The committee on Thursday voted 10-9 against the measure (SB 318), filed by Sen. Garrett Richter, R-Naples. Sen. Lizbeth Benacquisto, R- Fort Myers, then moved to reconsider the bill, a procedural move that kept it alive.

The bill would set up a state permitting process for fracking, a method of drilling that involves injecting water, sand and chemicals underground to create fractures in rock formations, allowing natural gas and oil to be released.

Among other things, the bill would require companies to inform the state Department of Environmental Protection of chemicals they inject into the ground, although with some restrictions. Also, the bill would set aside $1 million for a study on the impact of fracking, with a temporary moratorium until the study is completed and the Legislature can act.

“A study removes the emotion and permits science to drive the issue,” Richter said. “I want science driving the issue.”

Opponents, though, were still optimistic after Thursday’s vote.

“There’s a small chance this could come back, but it’s all but dead,” Sierra Club Florida lobbyist Dave Cullen said. “I don’t think the legislators have the stomach for this bill. Voters will remember fracking at the polls.”


Even as the legislative session charged ahead, the political season was in full swing, as Florida’s winner-take-all presidential primary on March 15 drew closer. Lending a little bit of clarity to the crowded field was the withdrawal of former Gov. Jeb Bush, which left the state with one favorite son: U.S. Sen. Marco Rubio.

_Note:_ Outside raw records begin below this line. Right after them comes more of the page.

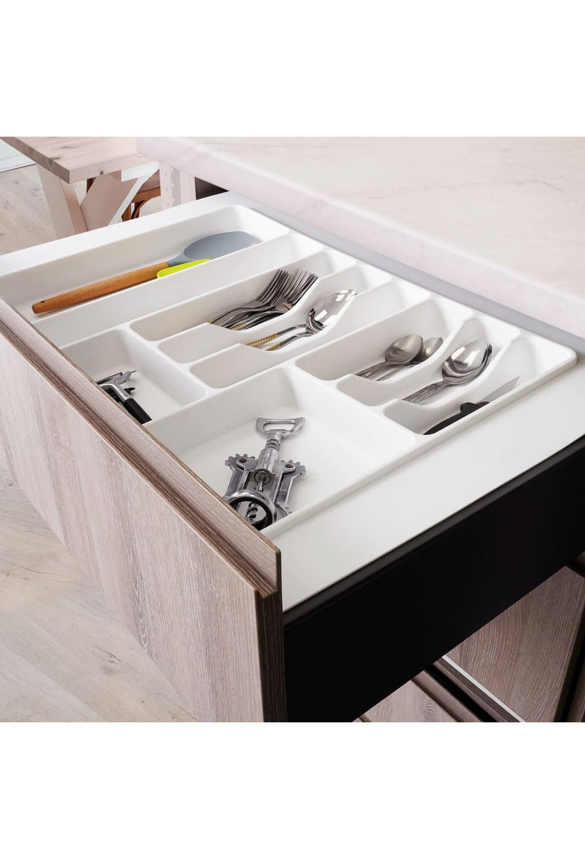 Универсальный обрезной лоток для столовых приборов в ящик корпуса 700/800мм. Насечки с трех сторон: по ширине разметка 725, 710, 625, 610мм по глубине 424, 434,444, 454,464, 474, 485мм. Выполнены из ударопрочного экологичного полипропилена. Не имеют запаха. Выпускаются на собственном производстве. Каждое изделие имеет маркировку партии для контроля качества. Оптимальное решение для организации пространства в ящике. Стильные и продуманные емкости для столовых приборов с матовой бархатистой поверхностью, кроме приятных тактильных ощущений, гарантируют отличные эксплуатационные характеристики и снижение уровня шума. С обратной стороны поверхности нанесена линия реза по типовым размерам ящика. Изделия не требует специального ухода их достаточно протирать влажной тряпкой, губкой или легко вымыть водой.
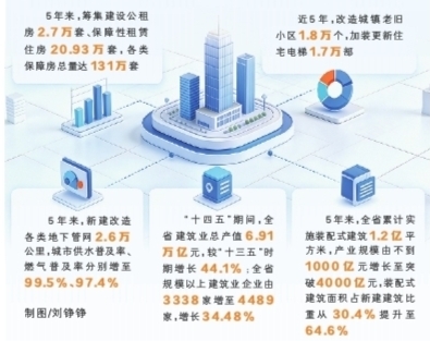住房條件更優(yōu)。“十四五”期間,全省商品房銷售面積達(dá)2.94億平方米,城鎮(zhèn)人均住房面積49平方米,各類保障房總量達(dá)131萬(wàn)套,對(duì)城鎮(zhèn)低保、低收入住房困難家庭實(shí)現(xiàn)應(yīng)保盡保。城鎮(zhèn)老舊小區(qū)累計(jì)改造1.8萬(wàn)個(gè),加裝更新住宅電梯1.7萬(wàn)部,住宅小區(qū)物業(yè)服務(wù)覆蓋率超75%。
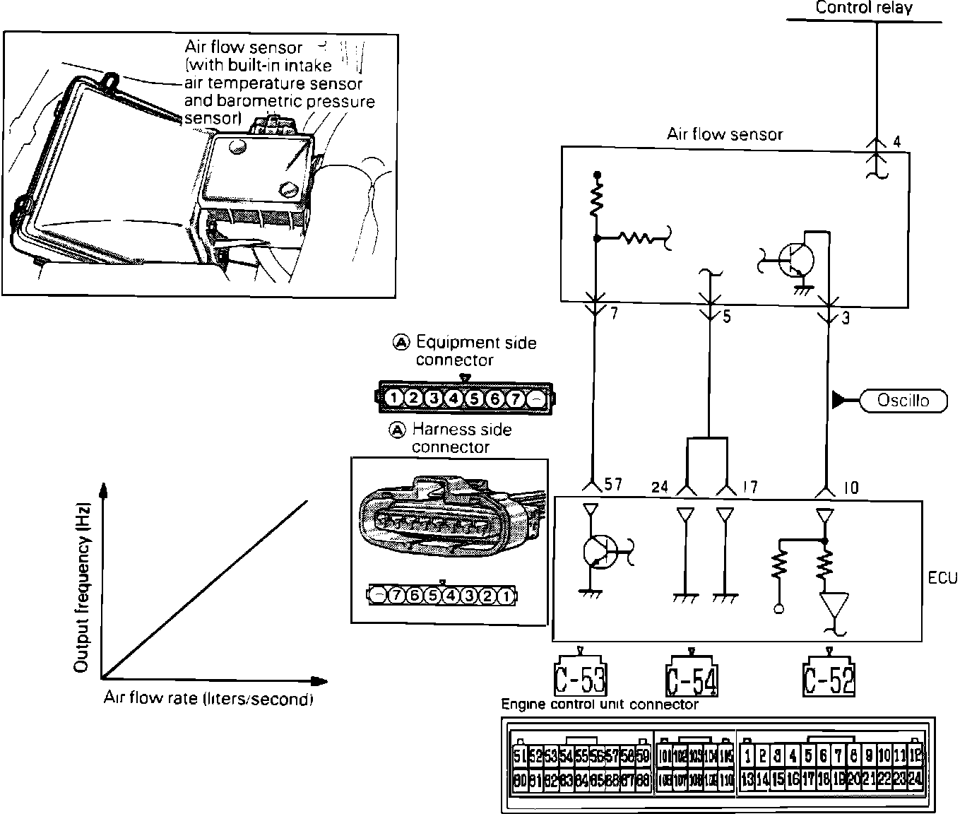 The Air Flow Sensor (AFS) measures the amount of air entering the intake manifold to provide the ECU with precise intake volume information. The AFS is a "Karman Vortex" type which measures the intake air volume.
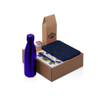 Подарочный набор с термобутылкой, блокнотом, ручкой и чаем, синий
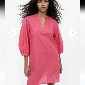 H&M Linen-Blend Tunic Dress Pink XS Lightweight Summer Minimalist
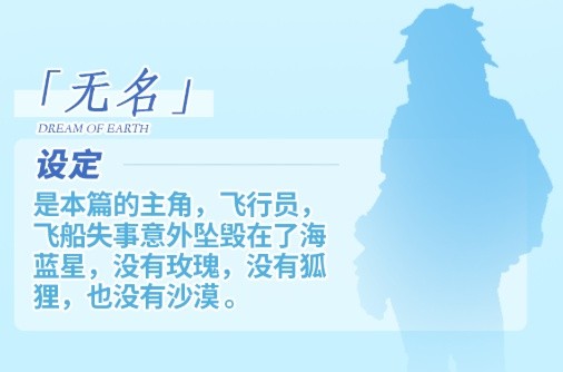 是本篇的主角,飞行员,飞船失事意外坠毁在了海蓝星,没有玫瑰,没有狐狸,也没有沙漠
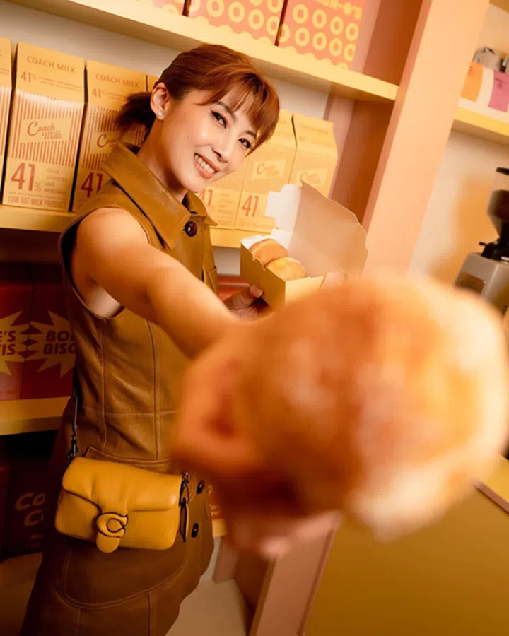 谁能不爱这张“男友视角”美照!欧萱穿着Coach皮革连衣裙搭配同色系Pillow Tabby斜挎袋在COACH PLAY限时概念店打卡,展现她私下活泼甜美的一面。
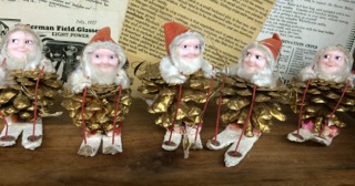 Dealer # 100 has this set of pinecone Santas ready for the slopes. Recycling from the 1960's.
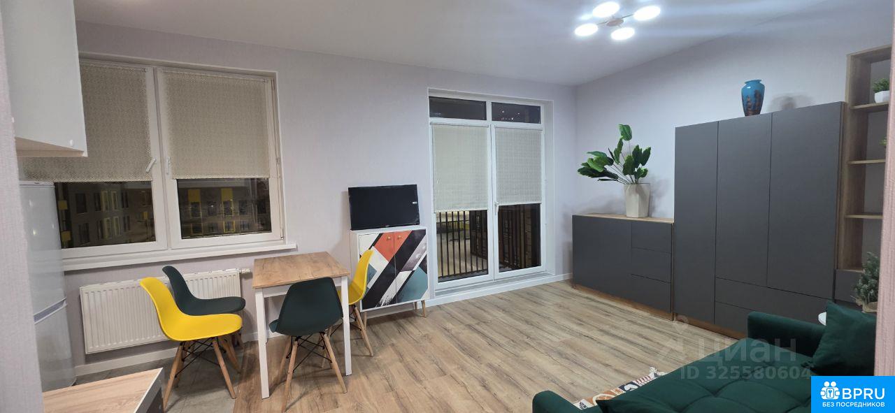 Квартира-студия в новостройке с ремонтом, всей мебелью и техникой в новом ЖК в развитом районе. Квартира сдается собственником, агентских взносов нет В квартире имеется балкончик и отдельная гардеробная, вся мебель и техника: диван, шкаф, варочная панель, холодильник, телевизор,стиралка. Двор без машин с большой детской площадкой, прямо возле дома школа и детский сад, супермаркет Лента. Автобусная остановка в 5ти минутах ходьбы от дома, до станции маршрутка идёт каждые 10 минут. До станции можно дойти пешком, минут за 20. Отвечаю на звонки с 11 до 20ч Агентствам: просьба не беспокоить, мне не требуются ваши услуги.
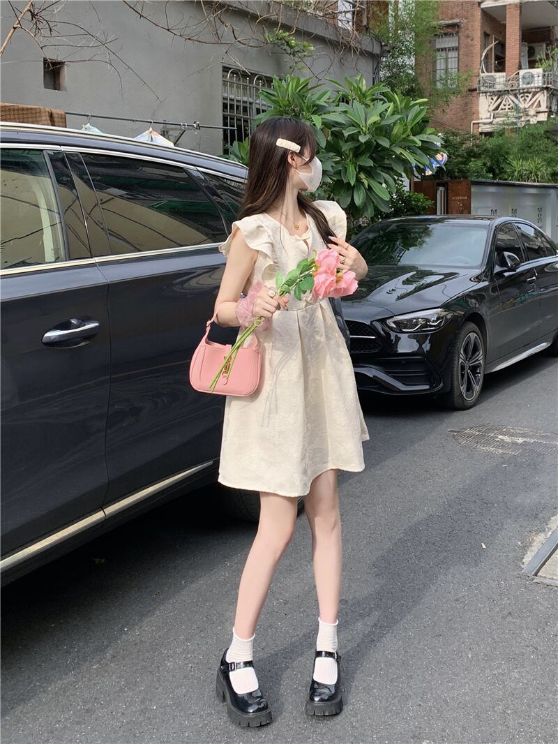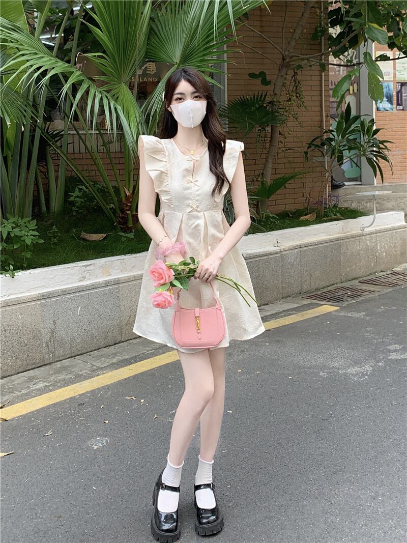 スリーブドレス サマーリボンウェストAラインスカート 大人ガーリー スウィート キュート カジュアル 夏物 10/5 秋冬 オータム ウインター ナチュラル mi4637228503077
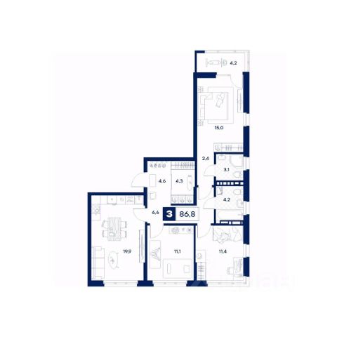 Продаётся 3-комнатная квартира в строящемся доме (ГП-1), срок сдачи: II-кв. 2026, общей площадью 86.8 кв.м., на 16 этаже. Дом Нойферта - это проект, созданный в соответствии с принципами, которые когда-то в 1936 году заложил Эрнст Нойферт. Здесь вы не найдете ни одной плохой планировки. В каждую комнату легко помещается мебель, которая в ней должны быть, а человеку остается пространство нужное для перемещения или для какого-то соответствующего времяпрепровождения. Эрнст Нойферт. Его называют отцом эргономики. Он - автор книги "Строительное проектирование", в которой впервые были систематизированы все подходы к созданию пространственных и планировочных решений. Именно Эрнст Нойферт научно определил, какими должны быть планировки. Для этого главным героем книги он выбрал человека, чья жизнь была полностью описана с точки зрения площадей и расстояний, которые нужны для комфортного обитания и для самых разных занятий. Квартиры с террасами и хайфлеты Статус каждого дома соответствует тому, какие квартиры в нем есть. В нашем доме есть особые квартиры. Это двухэтажные хайфлэты с огромными окнами, а также целый этаж квартир с террасами. Они задают уровень объекта. Нет студий и маленьких квартир В Доме Нойферта нет квартир-студий. Во-первых, это связано с тем, что в трудах Эрнста Нойферта не описаны подобные квартиры. Во-вторых это и наше решение. Мы не проектировали временное жилье или то, что кто-то купит для сдачи в аренду. У нас есть квартиры только для полноценной жизни.
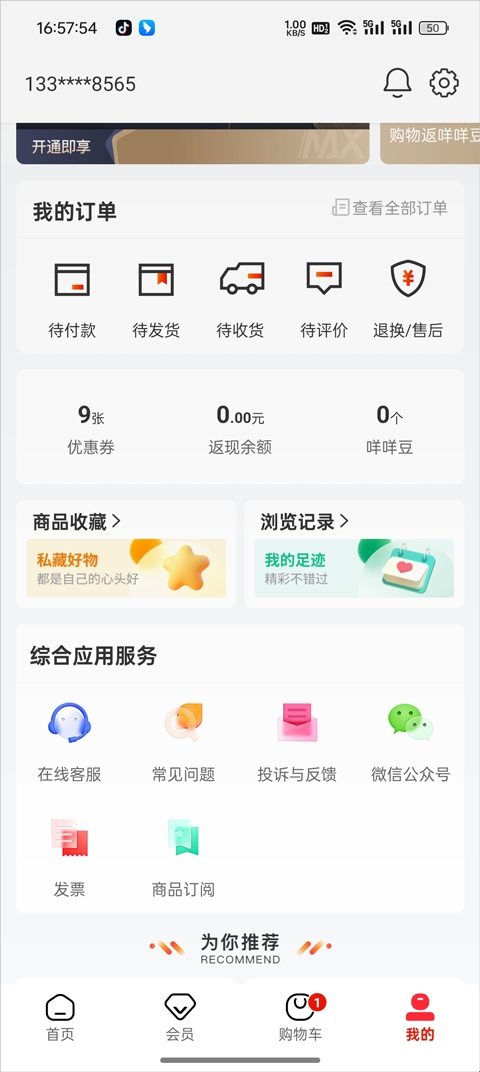 支持查看消费记录、成长值和等级进度,还可以自定义主题风格及收货偏好。
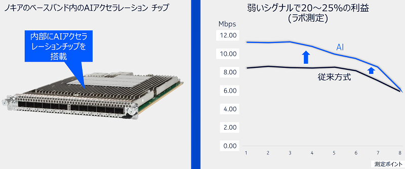 ノキアは、5G-AdvancedのAI活用の方向性を先取りして、すでに5Gハードウェア段階で実装を始めている。AIアクセラレーションチップを最新のベースバンド製品に搭載することで、無線のパフォーマンス向上を実現しており、ホルマー氏は「ラボでアップリンク受信を測定したところ、受信機のチャネルの推定をAIベースのチャネル推定のレシーバに交換することで、データレートのパフォーマンスが向上するというデータも出ている。ノキアでは、こうした5GハードウェアにおけるAIを活用した無線の改善を、6Gでさらに進めていくことになる」と説明している。
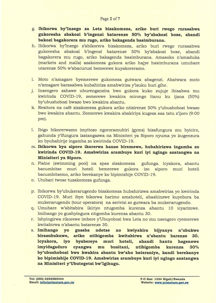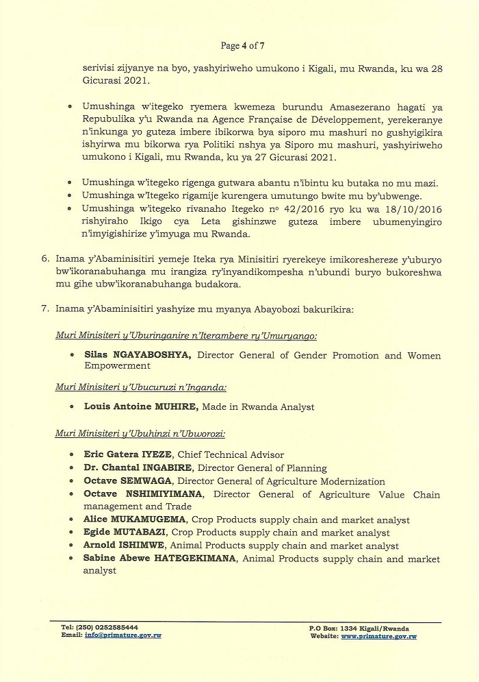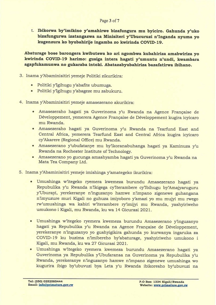 Ibyemezo by’inama ya baminisitiri rwose tubashimiye ibyemezo byiza bakomeje gufata cyane hibarwa kinyungu z’igihugu ariko byumwihariko kubuzima bwacu nkabanyarwanda rero rwose dukomeje kubashimira ,ikindi tunabashimira ibyemezo bafashe harimo no kubaha umuco wacu ,cyane mumihango y’ubukwe bityorero nubwo gusaba no gukwa byemewe hakurikijwe umubare watazwe ariko natwe nkimiryango tuzirinde kungora Abayobozi Ahubwo twubahirize amabwiriza yose yatazwe n’imibare yemewe.
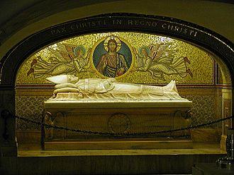 Pius XI died on 10 February 1939 in the Apostolic Palace and is buried in the Papal Grotto of Saint Peter's Basilica. In the course of excavating space for his tomb, two levels of burial grounds were uncovered which revealed bones now venerated as the bones of St. Peter.[5][6][7]
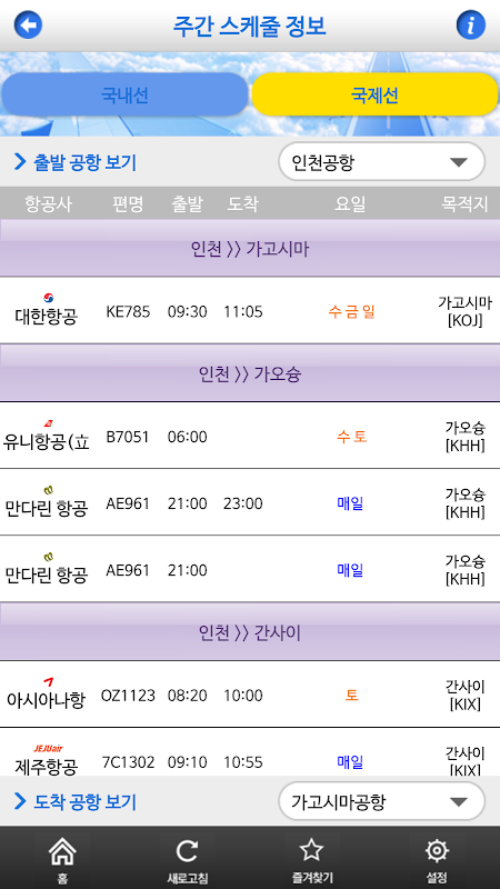 - 국제선/국내선 주간,일자별 스케줄 정보
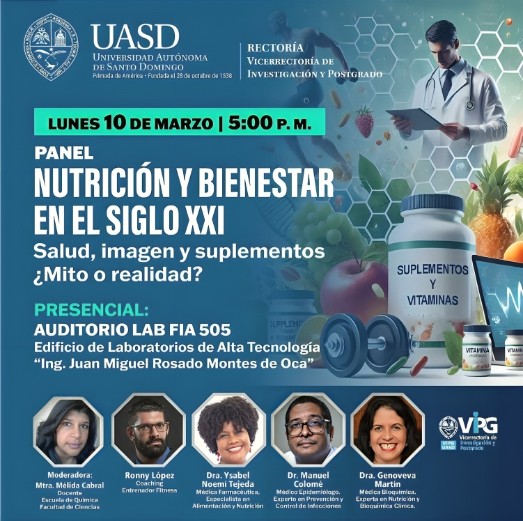 Santo Domingo. – La Universidad Autónoma de Santo Domingo (UASD) invita a participar en el panel titulado «Nutrición y Bienestar en el Siglo XXI: Salud, Imagen y Suplementos, ¡Mito o Realidad?», que se llevará a cabo hoy lunes 10 de marzo a las 5:00 de la tarde.
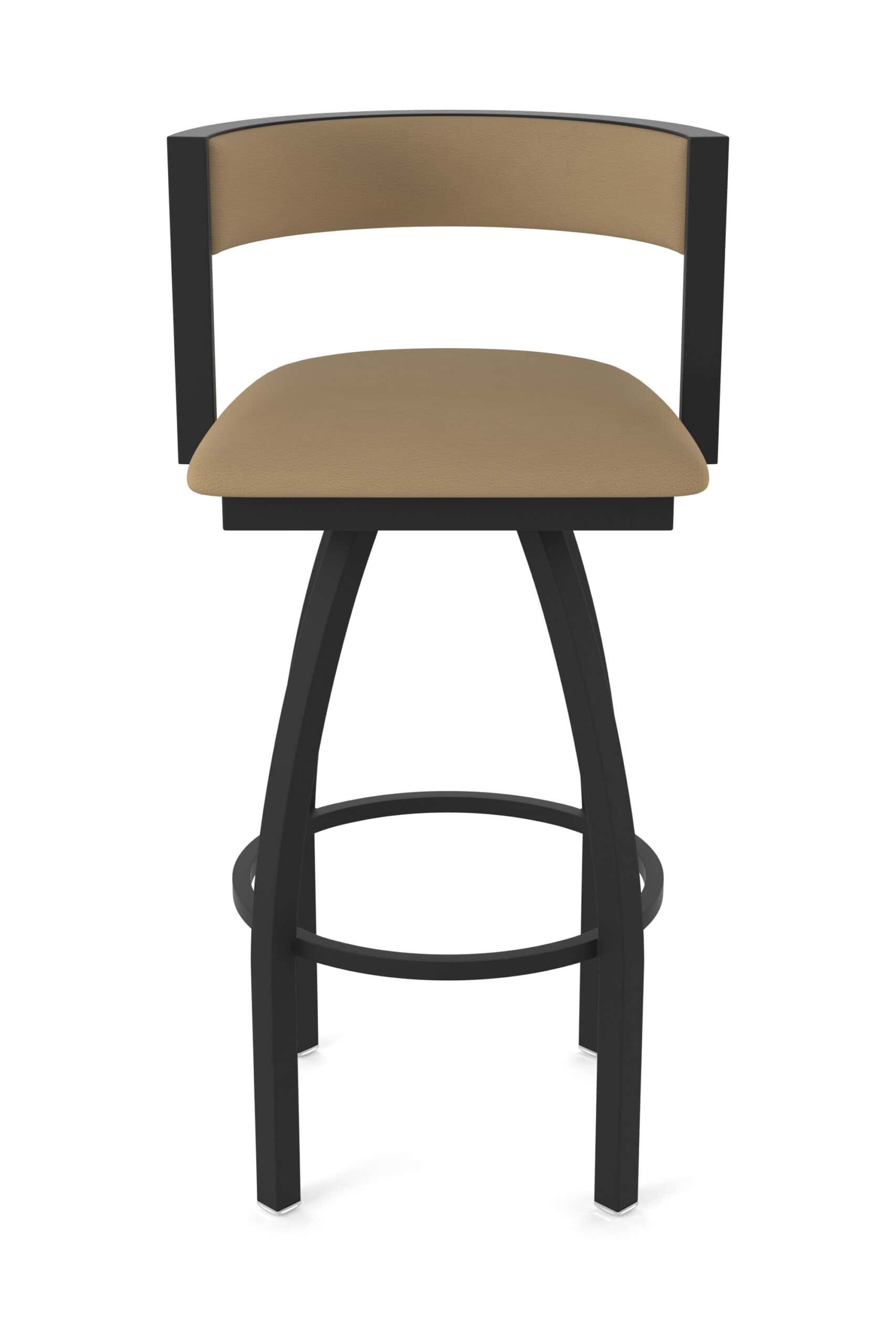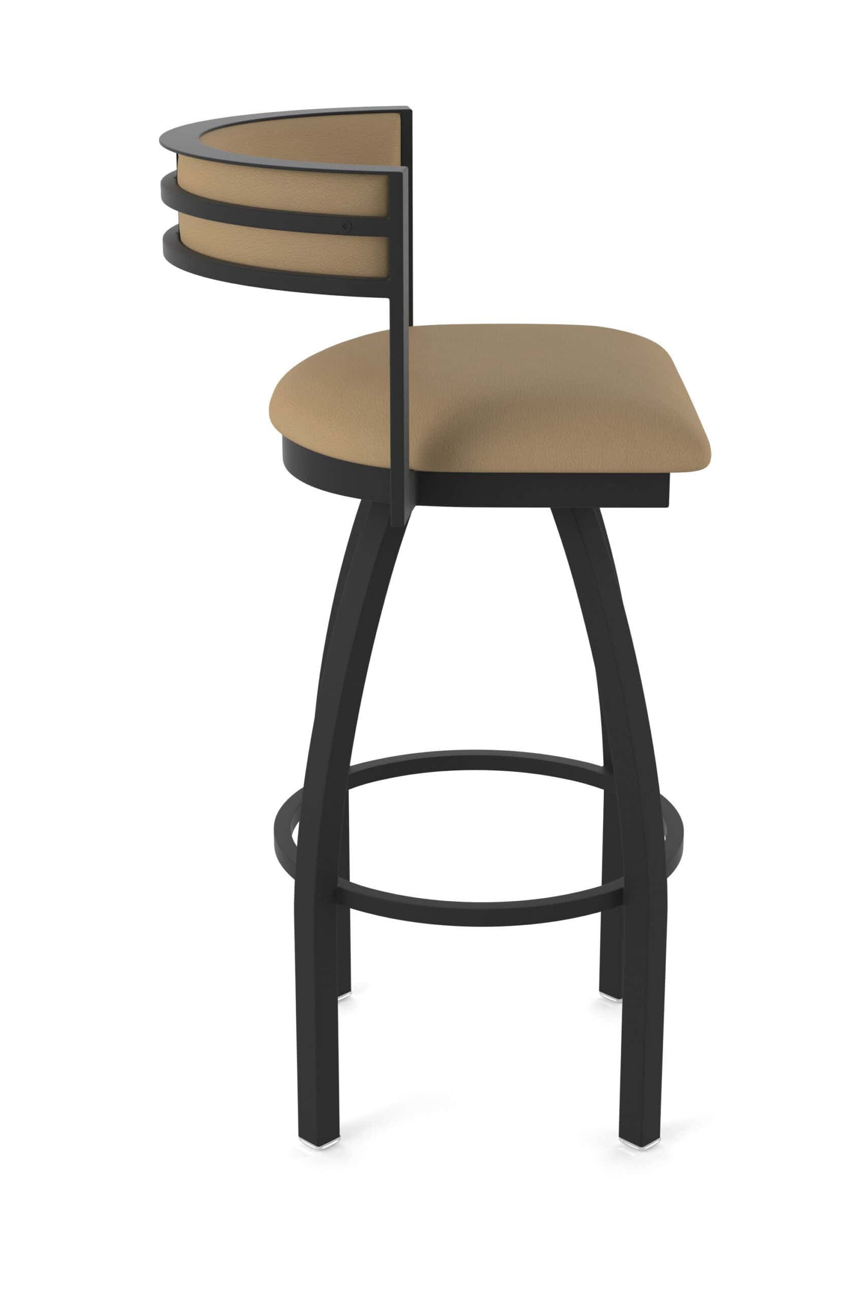 This stool features a heavy-duty steel frame built for longevity and stability. The 2.5-inch high-density foam cushion provides lasting comfort, while the low, curved backrest offers excellent lumbar support. The 360-degree swivel allows for easy movement and conversation.
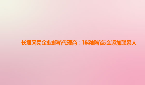 2024-02-28網易企業郵箱代理商:163郵箱怎么添加聯系人 作為一名企業用戶,郵箱的聯系人管理至關重要。在使用網易企業郵箱時,我們需要學會如何添加聯系人。下面就由我們的長垣網易企業郵箱代理商來為大家詳細介紹。 一、登...
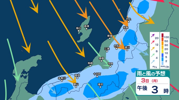 【大雨情報】3連休は新潟県内で雨風が強まる見込み 31日夕方~11月1日夕方にかけて24時間100ミリの大雨の恐れも【3時間ごとの雨風シミュレーション・30日午後9時更新】 2025年10月30日(木) 21:02

“Most Floridians, at least in the political world, supported Governor Bush and now, I suppose, will endorse Marco Rubio,” said J.M. “Mac” Stipanovich, a lobbyist and longtime Bush adviser.

A few days after Stipanovich said that, Rubio rolled out the endorsements of more than 80 high-profile Florida Republicans, including Lt. Gov. Carlos Lopez-Cantera, Chief Financial Officer Jeff Atwater, Agriculture Commissioner Adam Putnam and state House Speaker Steve Crisafulli, R-Meritt Island.

Not on the list was Gov. Rick Scott, who has largely steered clear of taking sides in the presidential primary. But Scott has had kind words for real estate tycoon Donald Trump, the GOP front-runner, and that led to speculation from a Washington Post political blogger that Scott could be on the mogul’s short list for vice president.

Scott shrugged off the rumors.

“What I’m focused on is my job here,” Scott told a television reporter after speaking at the Take Stock for Children breakfast at the Double Tree Hotel in Tallahassee.”I’ve got three years left in this job.”

The latest poll still showed Trump in front in the Sunshine State. A survey from Quinnipiac University showed Trump with 44 percent of the vote among likely primary voters, to 28 percent for Rubio. U.S. Sen. Ted Cruz of Texas had 12 percent, Ohio Gov. John Kasich drew 7 percent and physician Ben Carson claimed 4 percent.

“If Sen. Rubio can’t win in his own home state, it is difficult to see how he can win elsewhere,” Peter Brown, assistant director of the poll, said in a prepared statement accompanying the survey results

Rubio’s campaign insisted that the senator would win his home state and with it, 99 delegates — almost one twelfth of the number necessary to claim the GOP nomination.

STORY OF THE WEEK: As negotiations continued on the budget, lawmakers began moving towards resolution on other issues with time running out on the 2016 legislative session.

QUOTE OF THE WEEK: “Once again, you’re loading it down as if that carrot is going to be enough to get us to swallow a stick, and I’m not swallowing the stick today.”—Rep. Joe Geller, D-Aventura, on a pensions bill that combined measures Democrats like and dislike.